[Provided records Boundary: Start]

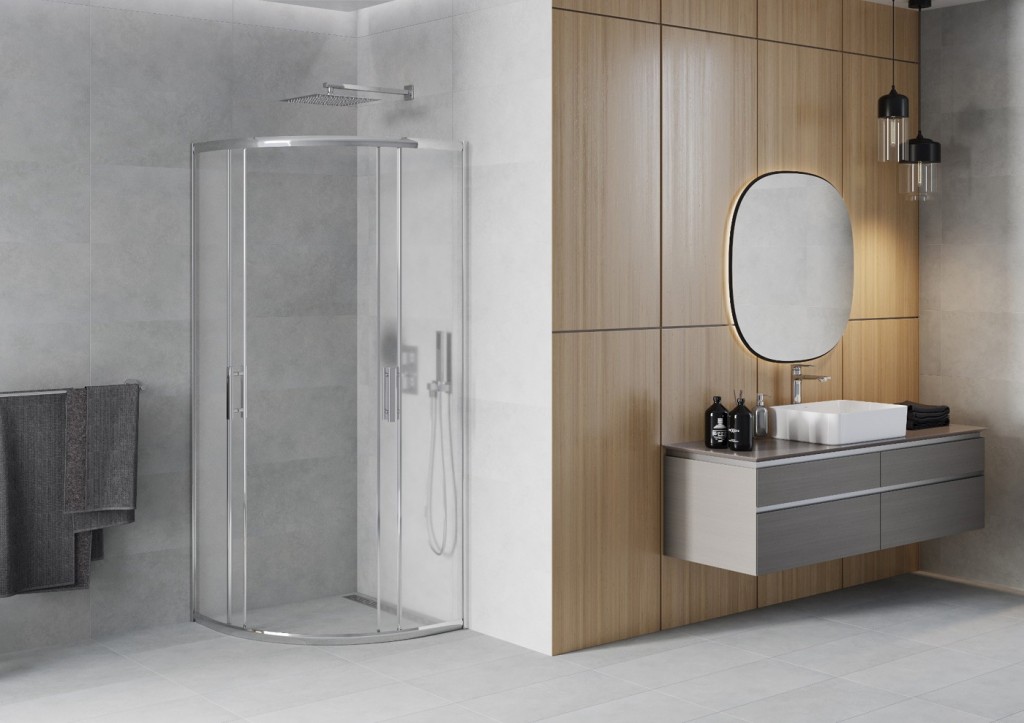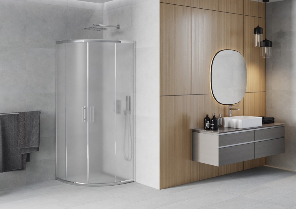 Sprchový štvrťkruhový sprchovací kút môžete umiestniť rovno na podlahu so sprchovacím kanálikom alebo na vaničku.
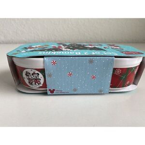 Set Of 2 Disney Mickey Minnie Mouse Ramekins Stackable Dessert Dish Mistletoe NEW
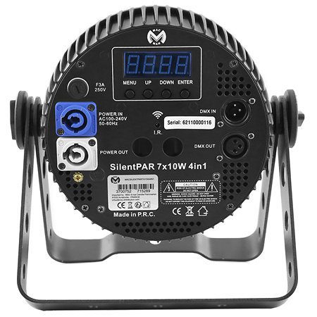 El soporte de tijera incluido permite diversas opciones de colocación e instalación. El SilentPAR 7X10W cuenta con una pantalla DMX digital de cuatro botones en el panel trasero, que permite elegir entre los diversos programas integrados y macros de color.
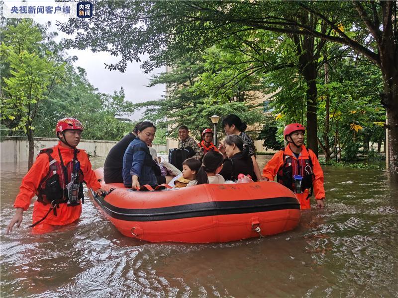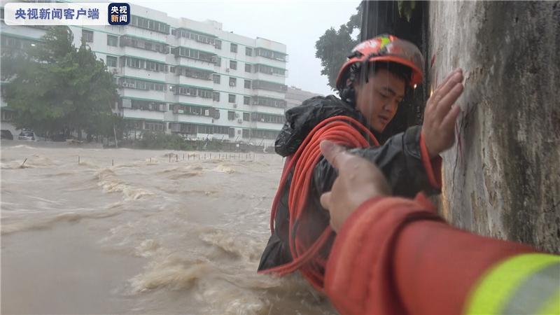 同日中午,在海南临高县,一小区因地势低洼遭雨水倒灌后停水停电,急需转移。蹚过齐腰的积水,消防救援人员将橡皮艇推至居民楼门口,将被困的13名群众和一名刚出生几个月的婴儿疏散到安全区域。
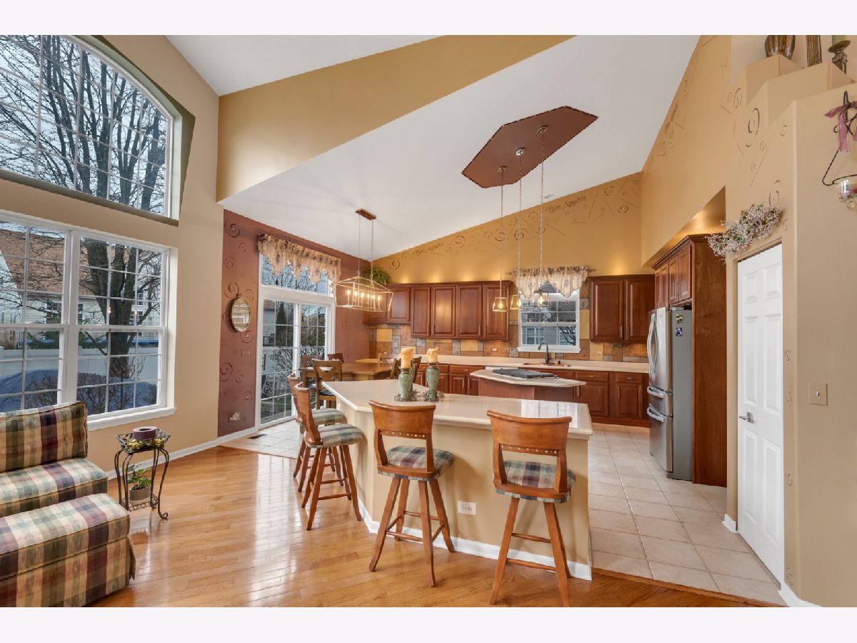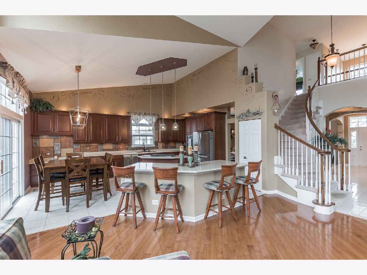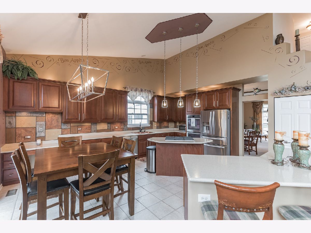 Geneva, Illinois, presents an informal and yet elegant beauty, cultural and historical richness with a safe and friendly community/neighborhood vibe that makes it one of the most desirable places to live and raise a household. Highly rated School consistently achieves ACT scores well above state/national averages and has low student/teacher ratios at all levels. 30+ miles of picturesque trails through the Fox River Valley for runners/bikers and parks/athletic/community facilities including a new modern library. Community events throughout the year and over 150 places to eat, drink, shop and be entertained and hundreds of others in the Tri-City area. Located 40 miles west of Chicago it allows easy access via train and nearby expressways. "Don't just visit Geneva, be a part of it!" Comfortable spacious semi-custom home with finished basement. Open concept. Move-in ready. Options for home office. Vaulted ceilings and 8.5-to-9-foot ceilings throughout. Second Floor: Four BRs; sunken Main BR (19' X 19'), Main Bathroom w/shower, jetted tub, double sinks, enclosed toilet and a linen closet. Main walk-in closet (14' X 10'). Second full bath with double sinks and tub/shower combo. Main Floor: Impressive two-story entry with pearl ceramic floor; spacious Living Room and Dining Room; spiral staircase, Den with solid wood AMF pool table, Half Bath; Laundry Room; open concept FR and Kitchen with plenty of windows, in-wall niche for bar/wine bar, cooking and eating islands, table area, pantry, raised panel cherry cabinets w/42-inch uppers and crown molding and above and below cabinet lighting. Entertainment Center and Gas Fireplace combo with oversized mantel (9' X 30"). Lower Level: Second Kitchen w/in-wall microwave, electric oven and refrigerator and Pantry. Custom Theater with ceiling mounted projector, 126-inch screen, floor and ceiling speakers and custom-built floor to ceiling shelves. Bar area with a distinctive 15-foot semicircular wet bar with lighted mirror back bar and glass shelves, lower cabinets, bar refrigerator and various mood lighting. Dart board. An inviting French street cafe leads to a one-of-a-kind Wine Cave/Room that holds app. 100 bottles and has space for wine refrigerator. A household hang-out area for games/gaming and TV viewing, an air hockey game and full-size ping pong table topper. Full bath. Large storage area with plenty of shelves and metal storage cabinet. Three Car Garage: Plenty of off-ground storage, adjustable shelves, retractable ceiling storage, bike rack, extra refrigerator. Backyard: Private with low voltage lighting, grilling station and two patios. One patio is paver brick kidney shaped and can fit a table for 12. Other patio is 20' x 20', octagon shaped, stamped concrete with retractable cover pergola, Roof is 4 years old. Hot water heater and top of the line Lennox Wi-Fi controlled HVAC system with humidifier and air purifier are 3 years old. Terrific location in second half of quiet household oriented double cul de sac with great neighbors/friends, no traffic, and a park just one block away. Short distance to Heartland Elementary (A rated). Paved trails and close to all conveniences. Less than a ten-minute drive to downtown Geneva.Other Features: Low maintenance landscapingExterior woodwork painted 3 years ago; interior common areas 6 months.In-ground Wi-Fi controlled sprinkler system.Lot Size: Pie shape -60' front; 104.10' back; sides are 125.43' and 141.46'. HOA: $71.48 per year Custom decorative plaster work, painting and wall niches throughout.Beautiful hardwood flooring in FR, Den and first floor Bathroom & Bar/Cafe areas and lower-level Kitchen have custom tile flooring and the hang-out area is carpeted.
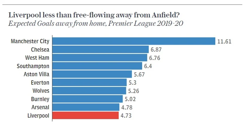 xG не є ідеально справедливим показником, але в цьому випадку підтверджує візуальне враження. За якістю створених моментів у домашніх поєдинках Ліверпуль впевнено посідає друге місце після Ман Сіті, а в гостьових – аж 10-й у лізі.
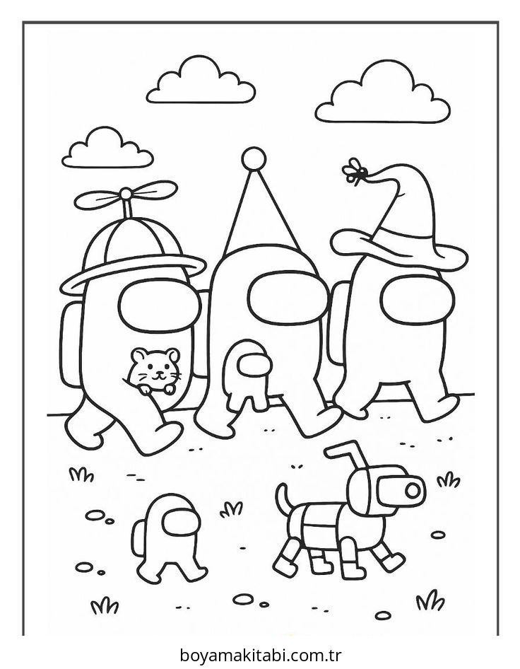 Among us temalı bu boyama sayfası çocuklar için sevimli karakter ve sanatsal çalışma bir etkinlik sunar. Ücretsiz olarak indirip yazdırabilir, evde keyifli bir boyama zamanı oluşturabilirsiniz.
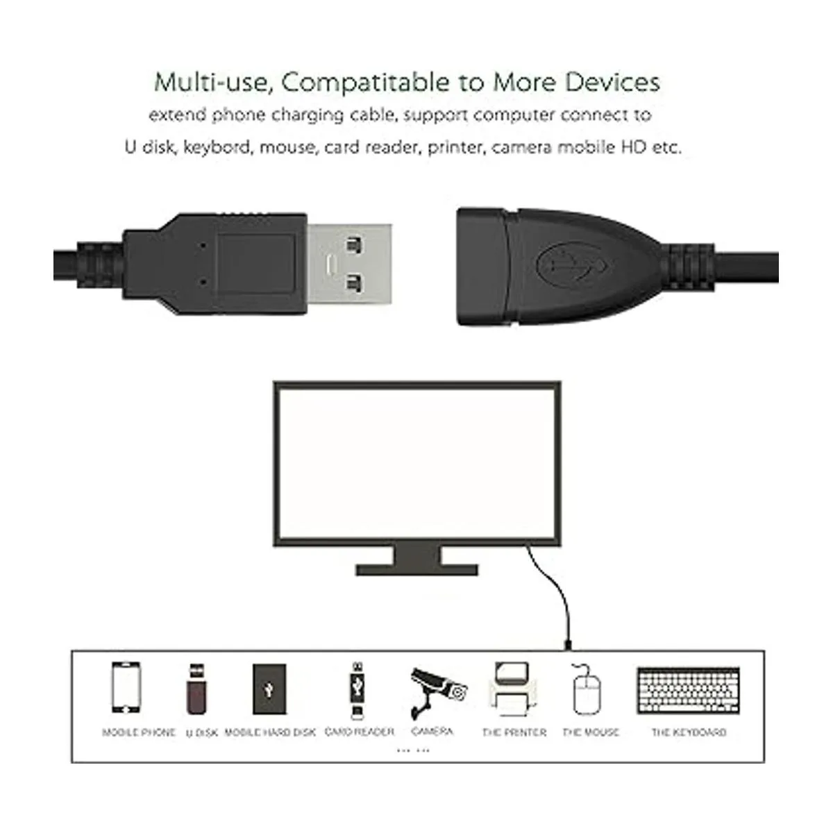 Cable de extensión y sincronización de datos y datos de extensión flexible de alta velocidad USB 2.0 macho a hembra de 5.9 in
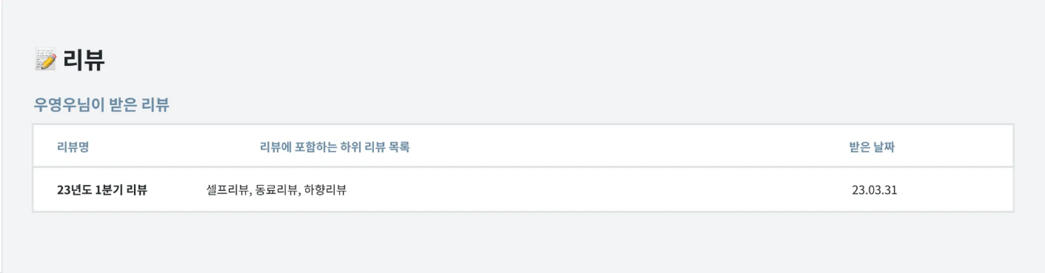 조직에서 진행한 리뷰 중 본인에게 공개된 리뷰만 모아서 보여줍니다.
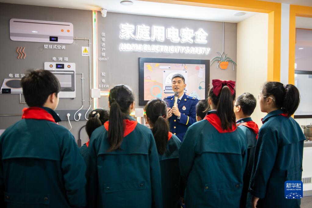 3月21日,在常德市科技館,消防員為學(xué)生講解家庭用電安全知識。
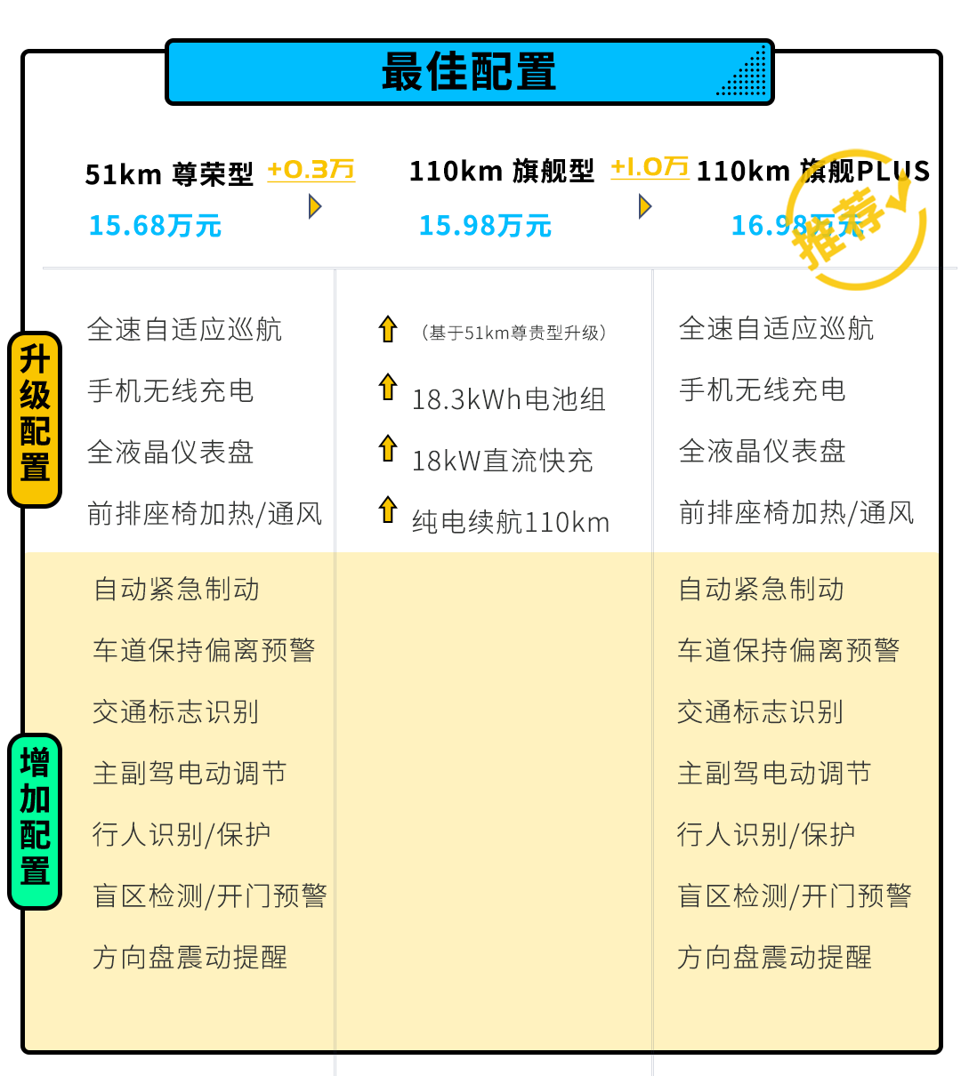 如果预算充足,充电条件也比较方便的话,直接一步到位上顶配110km旗舰PLUS版。低配110km旗舰版车型相较于51km尊贵型来说,它的升级仅有18.3kWh电池组、18kW直流快充转接头,以及PM2.5绿净系统。
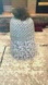 One of a kind crochet hat. Silver grey with sparkly sequins. Faux fur olive green pompom
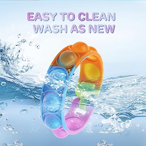 ☑️ 【Materiale Premium】Il braccialetto LOCCY push pop bubble è realizzato in materiale siliconico di alta qualità, la superficie è molto liscia, il braccialetto è elastico e morbido, sicuro per i bambini. Leggero e facile da trasportare, è possibile indossare il braccialetto in qualsiasi momento Fidget Toys, la scelta migliore per i giocattoli. Sono sicuri per bambini e adulti. Potete giocare con il vostro bambino in tutta sicurezza!
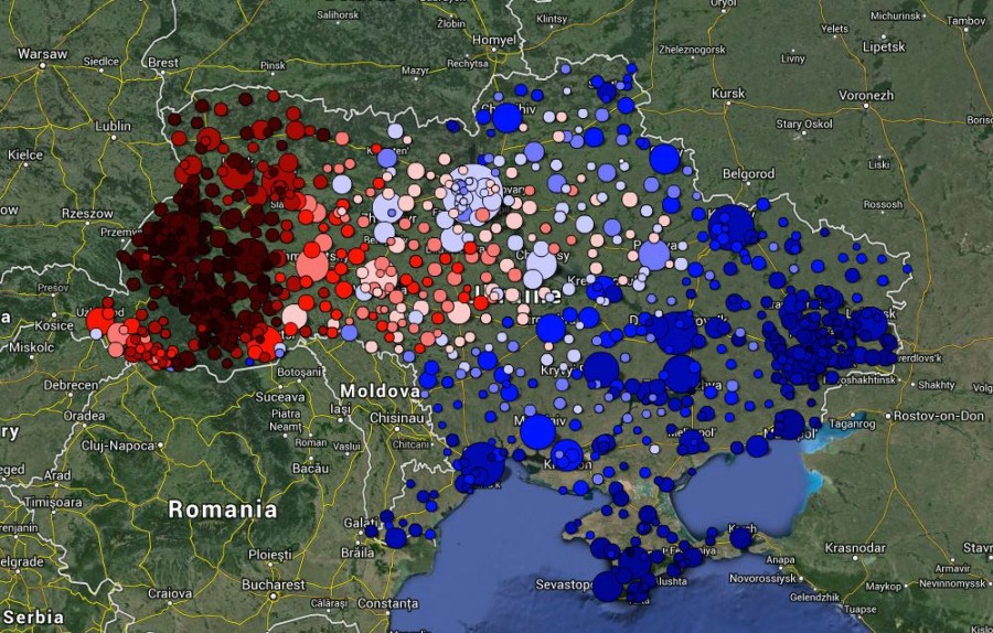 Визуализация языковых данных социальной сети «ВКонтакте». Русский — синий. Украинский — красный

[Provided records Boundary: End]

**Activity**
Only the lines from the line holding "Among us temalı" through the last line above belong in the answer, repeated exactly; the pictures do not.

**The answer**
 Among us temalı bu boyama sayfası çocuklar için sevimli karakter ve sanatsal çalışma bir etkinlik sunar. Ücretsiz olarak indirip yazdırabilir, evde keyifli bir boyama zamanı oluşturabilirsiniz.
 Cable de extensión y sincronización de datos y datos de extensión flexible de alta velocidad USB 2.0 macho a hembra de 5.9 in
 조직에서 진행한 리뷰 중 본인에게 공개된 리뷰만 모아서 보여줍니다.
 3月21日,在常德市科技館,消防員為學(xué)生講解家庭用電安全知識。
 如果预算充足,充电条件也比较方便的话,直接一步到位上顶配110km旗舰PLUS版。低配110km旗舰版车型相较于51km尊贵型来说,它的升级仅有18.3kWh电池组、18kW直流快充转接头,以及PM2.5绿净系统。
 One of a kind crochet hat. Silver grey with sparkly sequins. Faux fur olive green pompom
 ☑️ 【Materiale Premium】Il braccialetto LOCCY push pop bubble è realizzato in materiale siliconico di alta qualità, la superficie è molto liscia, il braccialetto è elastico e morbido, sicuro per i bambini. Leggero e facile da trasportare, è possibile indossare il braccialetto in qualsiasi momento Fidget Toys, la scelta migliore per i giocattoli. Sono sicuri per bambini e adulti. Potete giocare con il vostro bambino in tutta sicurezza!
 Визуализация языковых данных социальной сети «ВКонтакте». Русский — синий. Украинский — красный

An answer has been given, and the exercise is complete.